··· Data block
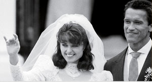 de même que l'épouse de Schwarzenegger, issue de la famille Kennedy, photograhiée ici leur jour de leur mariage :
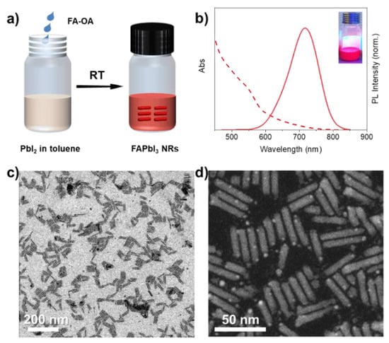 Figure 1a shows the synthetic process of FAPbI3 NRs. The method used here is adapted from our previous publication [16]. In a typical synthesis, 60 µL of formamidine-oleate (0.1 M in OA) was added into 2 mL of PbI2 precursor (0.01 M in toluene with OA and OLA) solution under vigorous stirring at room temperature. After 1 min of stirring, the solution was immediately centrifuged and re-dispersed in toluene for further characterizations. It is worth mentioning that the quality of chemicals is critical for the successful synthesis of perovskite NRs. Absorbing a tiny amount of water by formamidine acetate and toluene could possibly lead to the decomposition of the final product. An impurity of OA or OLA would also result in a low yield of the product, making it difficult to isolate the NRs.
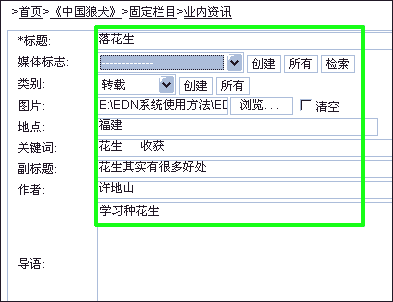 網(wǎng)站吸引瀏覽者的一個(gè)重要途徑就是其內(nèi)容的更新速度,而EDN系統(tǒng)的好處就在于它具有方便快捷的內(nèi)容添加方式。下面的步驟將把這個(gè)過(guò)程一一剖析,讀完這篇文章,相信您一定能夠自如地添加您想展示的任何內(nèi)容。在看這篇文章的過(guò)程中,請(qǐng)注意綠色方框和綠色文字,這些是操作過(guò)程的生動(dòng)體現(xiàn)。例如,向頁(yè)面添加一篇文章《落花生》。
······
**What to produce:** Transcribe the listing exactly, skipping pictures.

**Answer:**
 de même que l'épouse de Schwarzenegger, issue de la famille Kennedy, photograhiée ici leur jour de leur mariage :
 Figure 1a shows the synthetic process of FAPbI3 NRs. The method used here is adapted from our previous publication [16]. In a typical synthesis, 60 µL of formamidine-oleate (0.1 M in OA) was added into 2 mL of PbI2 precursor (0.01 M in toluene with OA and OLA) solution under vigorous stirring at room temperature. After 1 min of stirring, the solution was immediately centrifuged and re-dispersed in toluene for further characterizations. It is worth mentioning that the quality of chemicals is critical for the successful synthesis of perovskite NRs. Absorbing a tiny amount of water by formamidine acetate and toluene could possibly lead to the decomposition of the final product. An impurity of OA or OLA would also result in a low yield of the product, making it difficult to isolate the NRs.
 網(wǎng)站吸引瀏覽者的一個(gè)重要途徑就是其內(nèi)容的更新速度,而EDN系統(tǒng)的好處就在于它具有方便快捷的內(nèi)容添加方式。下面的步驟將把這個(gè)過(guò)程一一剖析,讀完這篇文章,相信您一定能夠自如地添加您想展示的任何內(nèi)容。在看這篇文章的過(guò)程中,請(qǐng)注意綠色方框和綠色文字,這些是操作過(guò)程的生動(dòng)體現(xiàn)。例如,向頁(yè)面添加一篇文章《落花生》。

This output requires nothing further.